Friday, July 20, 2012

Brains to Bullets: Graduate School Gunmen

This morning when I woke up, the first thing I heard about was the shooting in Colorado during the premier of The Dark Knight Rises. Since I had gone to the midnight showing, getting to the theater two hours before the movie started despite having advanced tickets, it clearly had freaked my mom out to think that it could have just as easily been at our local theater. I imagined myself there, with all the chaos of bullets flying, people scrambling, gas oozing. As my friend Eye said, "Talk about life imitating art." Sad, but true, in this case. It was like a real life Joker attack, senseless and without motive thus far, incited to create fear and chaos. It was homegrown terrorism (of course, unless he was Arab, the media wouldn't label it that way, but that's an argument for another day).

My first reaction after I heard about it, like any good academic, was to read about it from different news sources to find out what really happened. There was no shortage of sources. Right away I learned that a man just a bit younger than myself named James Holmes was responsible for the horrific event. He was a 24-year-old who walked into the theater where the movie was screening wearing a gas mask wielding guns and smoke bombs. He incited panic and then shot people as they tried to leave, children included.

What I read in the Los Angeles Times, however, really bothered me:
[Holmes] was described by law enforcement sources as a loner. He was a student at the University of Colorado Denver/Anschutz Medical Campus but the school said he was in the process of withdrawing from the graduate program in neuroscience. 
For those of you who follow my blog, you may remember a post just a few months back about a similar situation, "When Your Dad Knows the Guman... And Says He Was Really Smart."In that case, a young guy who had worked for my dad, one who had a B.A. in Chemistry from Carleton, a B.S. in Engineering from Columbia, and had recently started a graduate program in Biology, took to open-firing at a mental health clinic in Pittsburgh.

They say there is a thin line between genius and insanity, but I want to know what is making these men snap. Notice, there a few incidents of women going on shooting rampages. Many of these massacres are caused by men with higher education and guns.

So again, I have to wonder if our survival-of-the-fittest, pit-students-against-each-other mentality in higher education is partially to blame for what these men have done. As you can see, both snapped at about the same time that they withdrew from graduate studies, and it appears that neither flunked out, but mysteriously decided to stop going. Did he need someone to reach out and lose it when no one did? Was the pressure to be perfect too great? Though graduate students seem adult and self-sufficient and thus, are usually left to work on their own, I think graduate students need just as much, if not more, mentoring and encouragement than undergrads.

Our very own Peter Elbow talks about how disheartening graduate studies can be in his book Embracing Contraries. He talks about a time when he had enrolled and basically failed out. He thought he wasn't smart enough or organized enough to be a student and couldn't focus. It took teaching and find his way back to enjoying learning to get him back into school. Of course, Elbow seems better adjusted and more personable then the two shooters, who were both known for being loners and slightly odd, but seemingly harmless.

What I guess I'm really getting at here is that in the wake of the aftermath, there's hundreds of people talking about gun control issues, there are politicians "keeping the victims in their prayers," and there are people posting Batman ribbons on their Facebook walls, but no one is really doing much or assessing what can be done to prevent these incidents. Very few people are willing to say that mental health issues or American ideologies are partially at play here; they simply want "justice," whatever that means. They want blood for blood. What's even worse is those who are using this incident as a platform for their Political views or campaigns.

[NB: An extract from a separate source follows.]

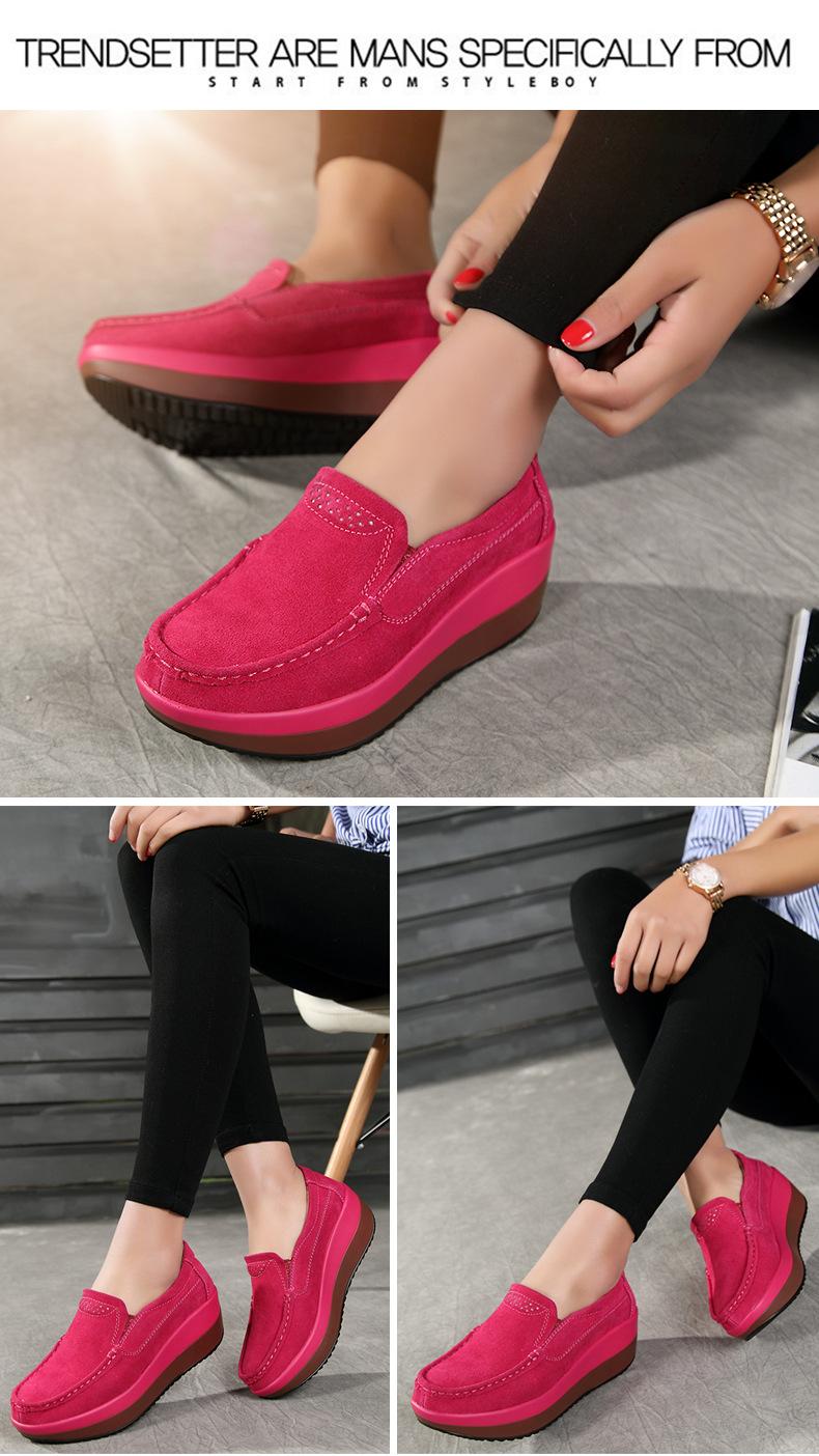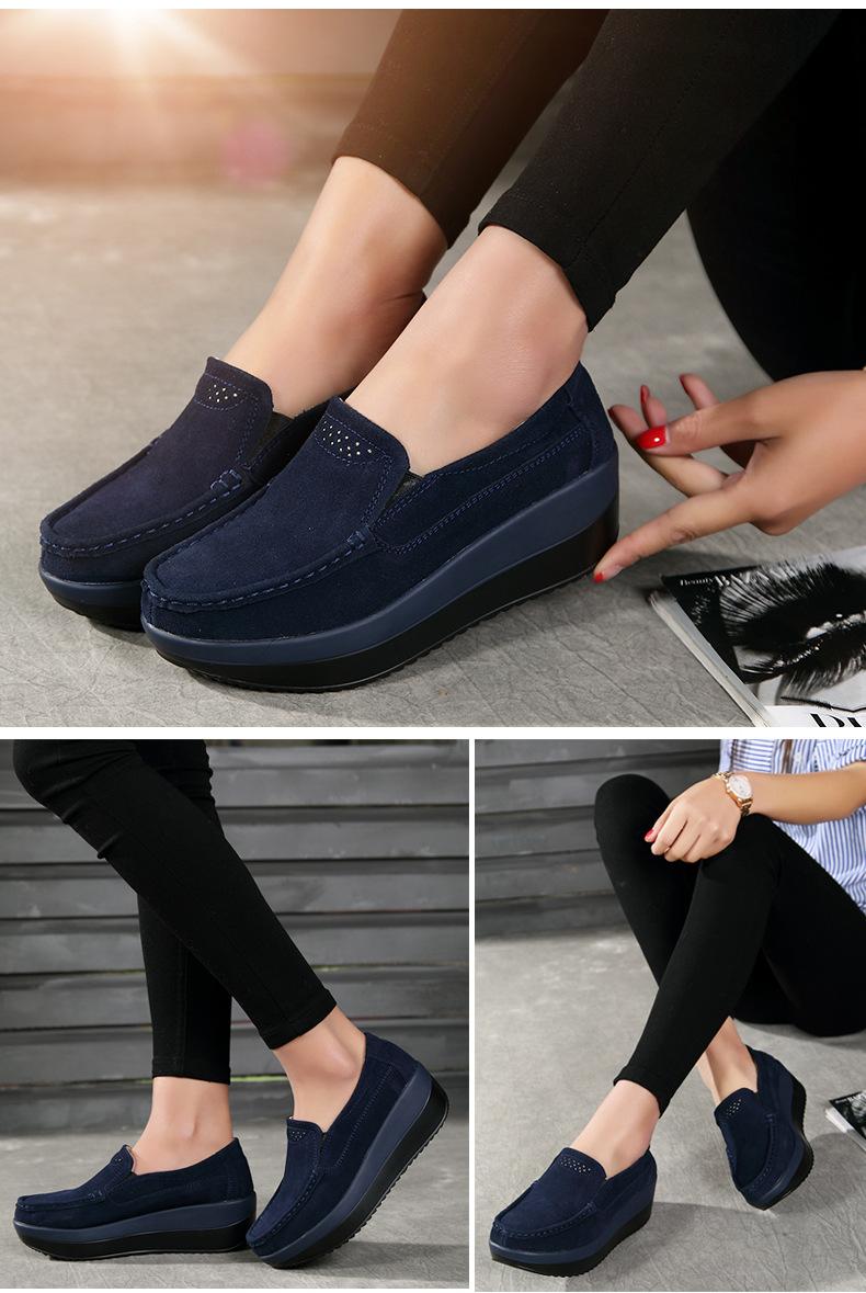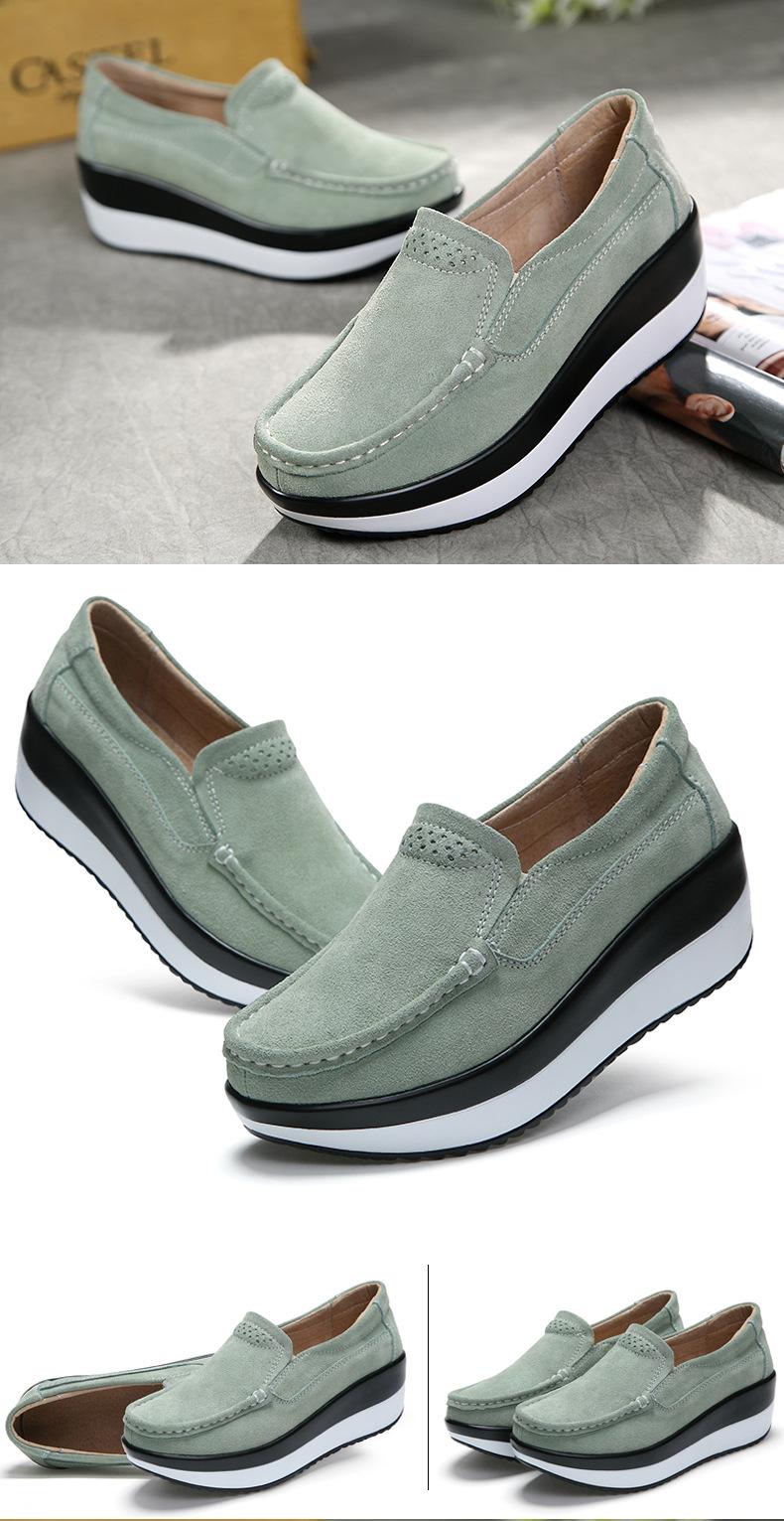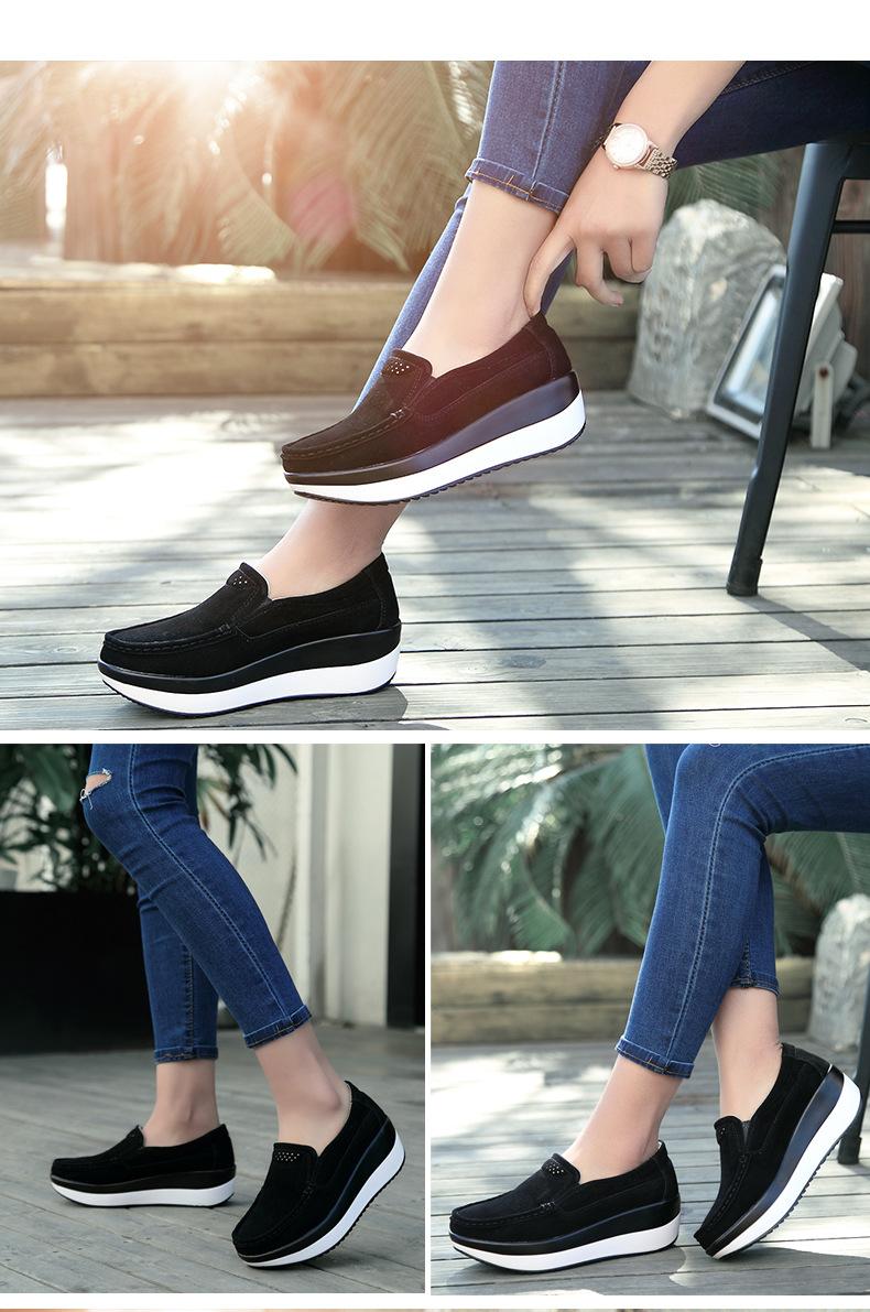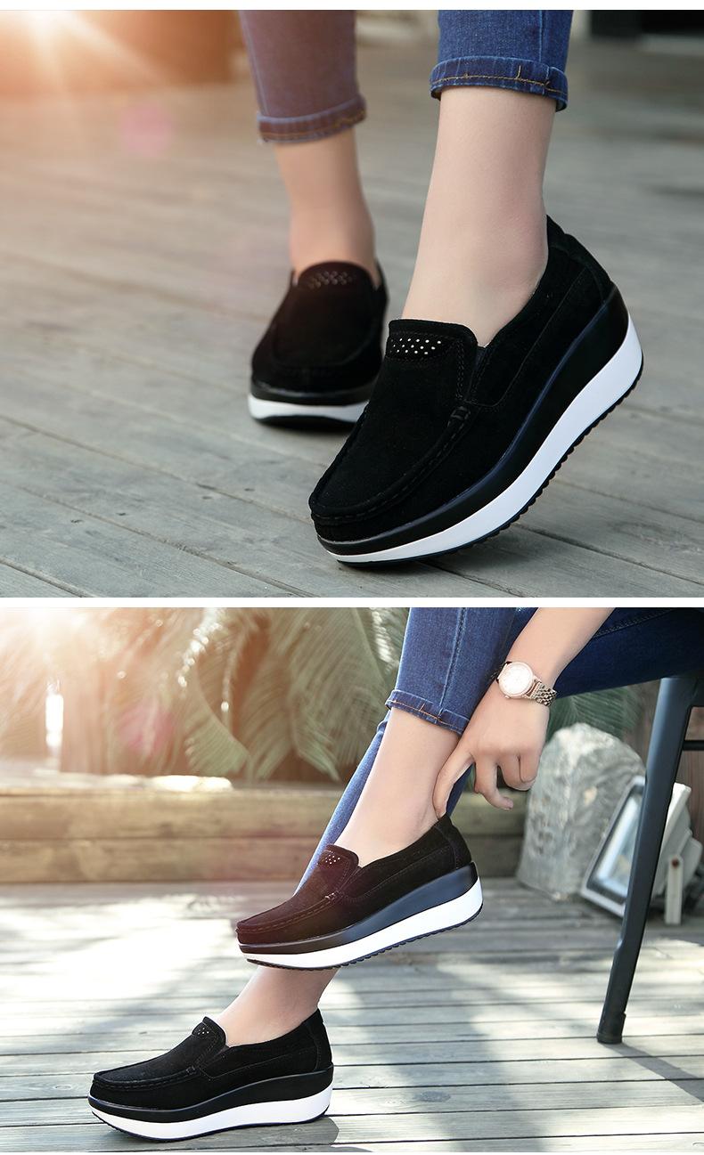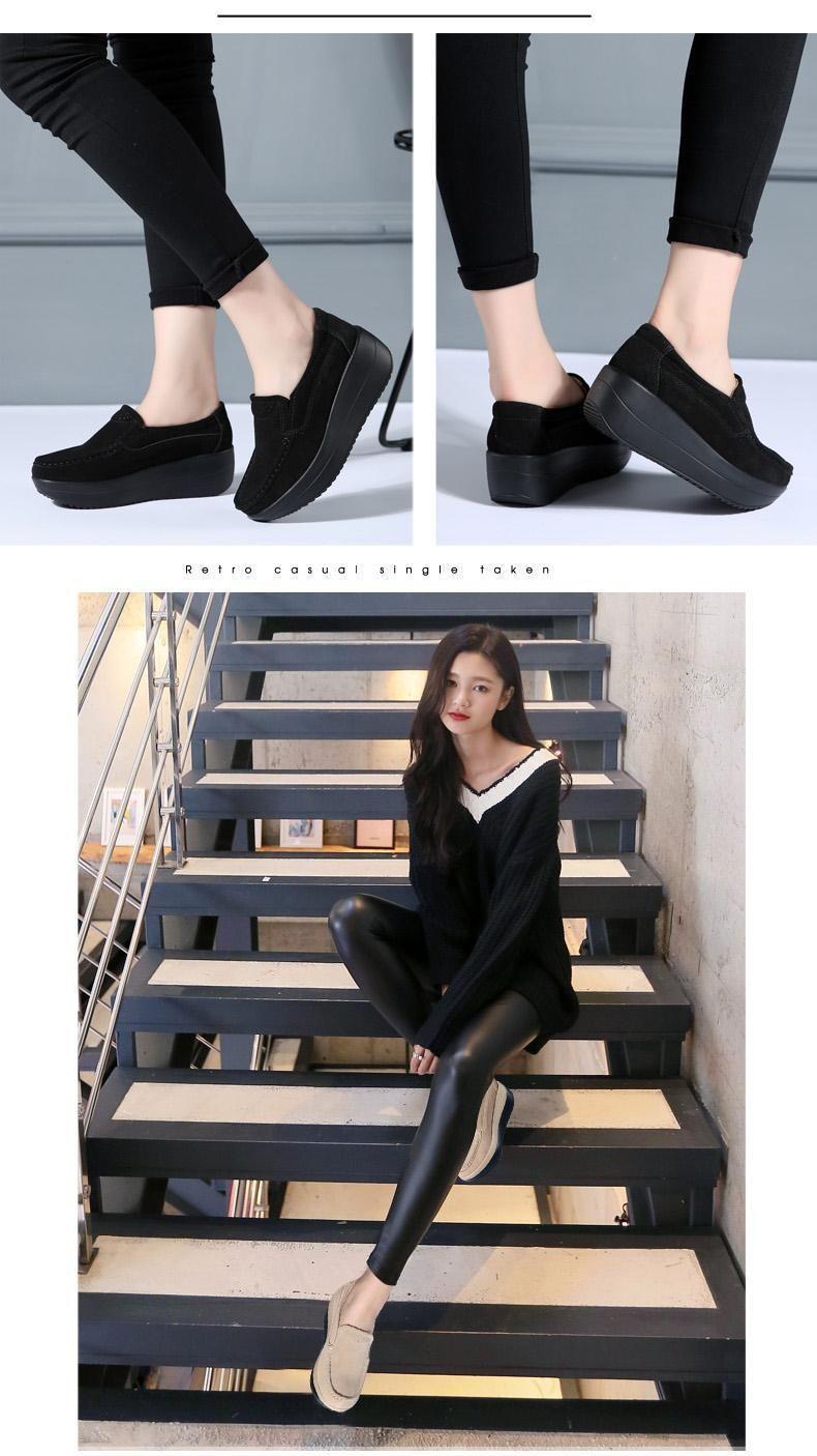 Primavera e Outono Sapatos Femininos Plataforma Borla Sola Grossa Sapatos Cunha para Mães Sapatos Baixos de Couro Sapatos de Balanço Beans Sapatos Femininos Tamanho Grande 42

Now, this is not to say that killings are justified or that the shooter should be let go, but this is to say that we are a society that produces crime through our apathetic "mind your own business" ideologies, our constant drive to compete against our neighbors, our dependency on pharmaceuticals to "cure" all kinds of mental health issues, and the way that we set up a separation of spheres between academia and the "real world." We've hyped up the idea of "making a name for yourself" to the point where it must be done, no matter how it is done.

When it comes down to moments like this, I don't care what Stanley Fish says about simply being an "academic." Educators have a responsibility to encourage collaboration, to reach out to students even when they make us uncomfortable, and not to make students feel lesser for seeking out help. Actually not just educators, but all human beings have that responsibility. It may not solve every issue, but it will help people from feeling isolated and unwanted and ultimately feeling the need to harm themselves or others.

With that said, my heart goes out to those people that are suffering as the ripple effect of this tragedy sends it waves out over the community and the country. It was a senseless, intolerable, selfish act, and I hope that some good will come of it so that those who were killed will not have died in vain.